À St-Grégoire de Montmorency, il existe un problème du logement assez critique. Nous avons actuellement 117 familles qui sont sans logement. Il y a jusqu'à trois familles par logis. Nous avons du terrain pour nous bâtir, mais nous n'avons pas d'argent. Il nous faudrait emprunter du gouvernement $2,000.00 et rembourser $3,000. par versements mensuels pendant vingt années, ce qu'il nous est impossible de faire.
J'ai réussi à organiser une délégation de toutes les familles qui seront sur le pavé au mois de mai, c'est-à-dire 30 familles qui seront complètement dans le chemin. Nous devions nous rendre à l'hôtel de ville pour demander l'aide des autorités municipales, mais je ne sais trop pour quelles raisons, deux heures avant le temps marqué, tous les échevins ont reçu avis de ne pas se rendre à l'assemblée.
Imaginez un peu la déception de ces pauvres locataires qui allaient demander l'aide de ceux qu'ils ont placés là pour nous diriger, ou plutôt pour nous aider à avoir le moyen de vivre dans la société.
Plus d'une centaine ont dû rebrousser chemin en bougonnant contre le maire et les échevins. Une grande partie de la délégation est revenue à la salle des Syndicats Catholiques.
Nous avons essayé de rejoindre le maire par téléphone. On m'a répondu qu'il était rendu au parlement de Québec, à la demande de M. Adélard Godbout, pour assister à un caucus très important du parti libéral. Cependant, un autre appel téléphonique nous fait savoir qu'il est chez lui. Je rappelle ; on répond qu'il est sorti. Nous nous rendons chez lui, par l'entremise d'un échevin. Il est chez lui, mais il ne veut pas nous recevoir...
René DE BLOIS
★ ★ ★
Le mouvement créditiste est maintenant lancé à St-Grégoire de Montmorency, et avant longtemps maire et échevins seront visibles et accessibles.
La doctrine créditiste éclaire tout, même, semble-t-il, la lecture de l'Évangile. Toujours est-il qu'un abonné de Ste-Clothilde de Beauce nous écrivait le mois dernier :
"En lisant l'évangile d'aujourd'hui, quatrième dimanche de Carême, je me suis demandé : Notre-Seigneur était-il créditiste ?
« Voyant la foule qui l'avait suivi au delà de la mer de Galilée, il en eut pitié et ne voulut pas la congédier sans lui donner à manger. » Et dans un pays où il ne se trouvait que de l'herbe, il rassasia 7,000 personnes par la multiplication des pains, en créant et faisant distribuer l'abondance.
"Le miracle de l'abondance produite paraît assez bien se perpétuer au Canada, où rien ne manque pour satisfaire pleinement les nécessités des hommes.
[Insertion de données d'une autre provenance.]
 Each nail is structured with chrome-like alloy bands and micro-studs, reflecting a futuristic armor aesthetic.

Mais la distribution ne se fait pas, comme elle se fit ce jour-là, parce que ceux qui contrôlent la distribution ne sont pas les apôtres obéissant au Maître, mais des maîtres sans cœur laissant l'abondance sous clef.
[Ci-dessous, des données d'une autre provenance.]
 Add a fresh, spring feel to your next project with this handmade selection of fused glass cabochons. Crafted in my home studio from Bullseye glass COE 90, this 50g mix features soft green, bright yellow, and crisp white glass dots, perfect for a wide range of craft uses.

"Et dans notre bonne province catholique de Québec, où l'on devrait prolonger un peu les exemples du divin Maître, on préfère laisser gaspiller et se perdre des biens utiles plutôt que de permettre à ceux qui en ont besoin de les obtenir.
"Que dirait-on d'un père de famille qui laisserait sa femme et ses enfants dans le besoin alors que son grenier et sa dépense regorgeraient de provisions ?"
★ ★ ★
Notre-Seigneur était certainement créditiste dans le véritable sens du terme. C'est pourquoi son Église place à la disposition des fidèles un trésor commun où elle les invite tous à puiser largement pour combler leurs besoins.
Dans sa nature humaine, Notre-Seigneur portait le cœur le plus créditiste qui se puisse concevoir. Quand aurons-nous des chefs de gouvernement formés à la charité de ce cœur et qui oseront dire :
"J'ai pitié de ces gens, qu'ils aient immédiatement à manger."
Mais ce n'est pas ce qu'on enseigne à l'école de Banco, et Banco a supplanté l'Évangile.